Launched MyFirstEV on July 13 offering instant $3,500 (new) and $1,750 (used) rebates at dealerships, backed by $135.5M in state funds plus automaker matching. Built as a direct replacement for federal clean-vehicle tax credits Trump repealed, with Newsom framing Trump as ceding the clean-car market to China.
Subject of multiple DOJ probes into alleged routing of $350M-plus in taxpayer funds to preferred nonprofits, with wife Jennifer Siebel Newsom's nonprofit compensation under scrutiny. Former chief of staff Dana Williamson pleaded guilty to fraud. Newsom filed a FOIA request on state letterhead seeking evidence the probes are politically motivated, calling them lawfare tied to his 2028 ambitions.
Contending with a 14-measure November ballot, the most crowded in a decade. Opposes Prop 40, a 5% billionaire wealth tax, as poorly designed and a revenue risk; tried and failed to get SEIU-UHW to withdraw it. Proposes a federal alternative including a minimum tax on fortunes over $100M. Also backing $36B in housing bonds.

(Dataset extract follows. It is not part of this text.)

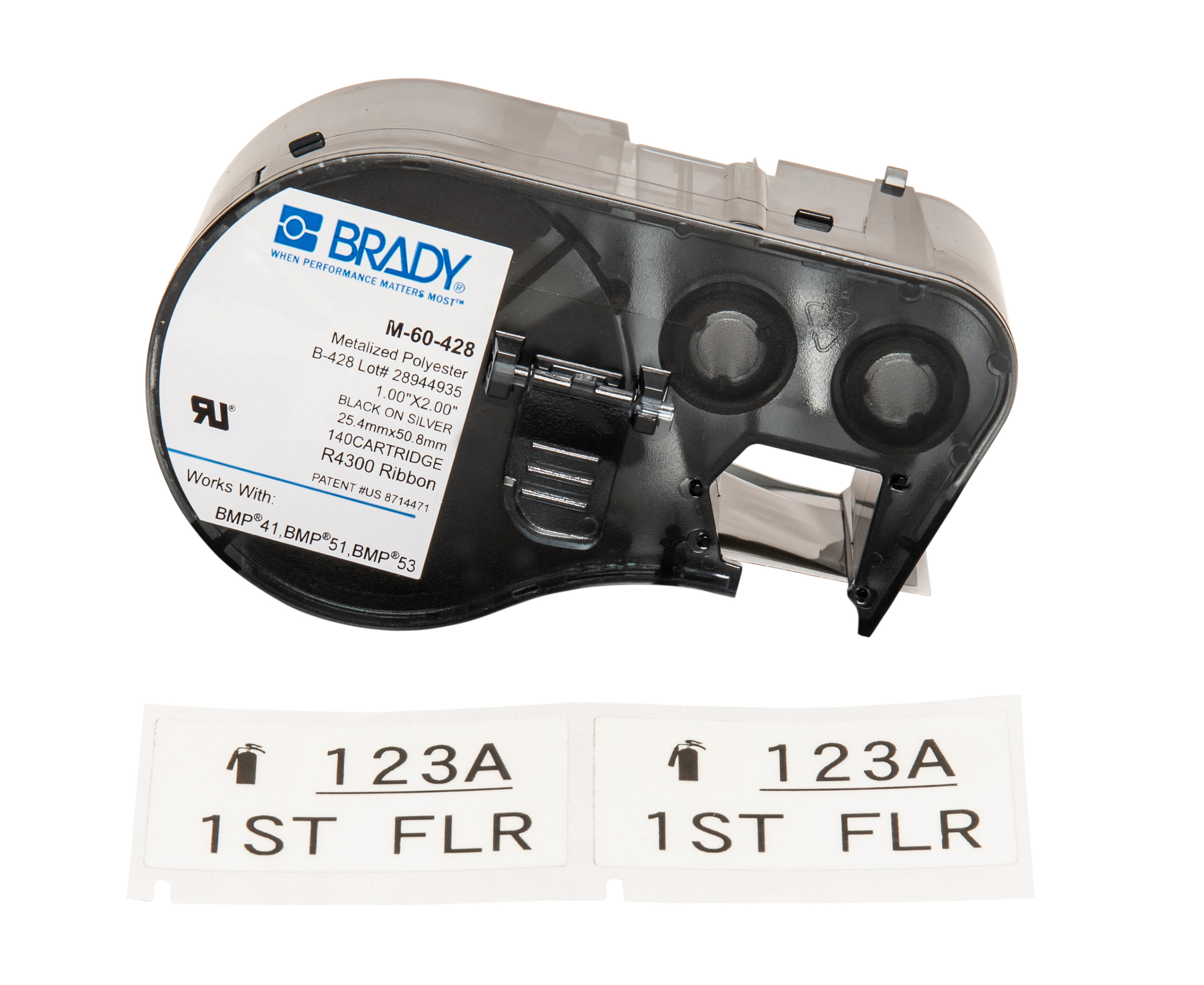 This is Cable Label For Use With BMP41 Label Printer BMP51 Label Printer BMP53 Label Printer manufactured by Brady. The manufacturer part number is M-60-428. It is designed with an attractive silver colour background . In addition, it has a standard label about 50.8mm in length . The product b-428 metallised polyester, is a highly preferred choice for users. Its tape is about 25.4 mm in width . It offers an adorable black colour print . Additionally, it works with bmp41, bmp51, bmp53 printer models .

Refused to suspend California's 2.2-cent gas-tax increase, bringing the rate to a national high of 63.4 cents per gallon. Blames Trump's Iran policy for pump prices hitting $5.40. Backing SB 493 to expand price-gouging laws to wartime emergencies and suing fuel-pricing software firm Kalibrate and major retailers over algorithmic price-fixing.
Key relationships
Newsom is sparring with Trump across multiple fronts: EV credits, gun laws, gas prices, National Guard deployment, and federal fraud probes he says Trump ordered to damage his 2028 ambitions.
Newsom condemned DHS Secretary Mullin's threat to halt customs processing at sanctuary-city airports including LAX and SFO, calling it a 'stupid idea' that would create economic chaos ahead of the World Cup final.
Thompson joined Newsom at the AB 179 signing event, backing both the state housing bill and the federal Road to Housing Act.
Acting Attorney General Blanche filed suit July 1 to block California's Glock-style handgun ban, calling the Second Amendment 'not a second-class right.' Newsom vowed to defend the law as life-saving.
Newsom's wife is swept into the DOJ fraud probe, with her nonprofit salary and $4M in benefits under federal scrutiny alongside allegations of routing taxpayer funds to preferred nonprofits.
Newsom endorsed Becerra for governor; Becerra advanced to the November runoff against Steve Hilton. Becerra's campaign funds were among those stolen by Newsom's former chief of staff Dana Williamson in the fraud case.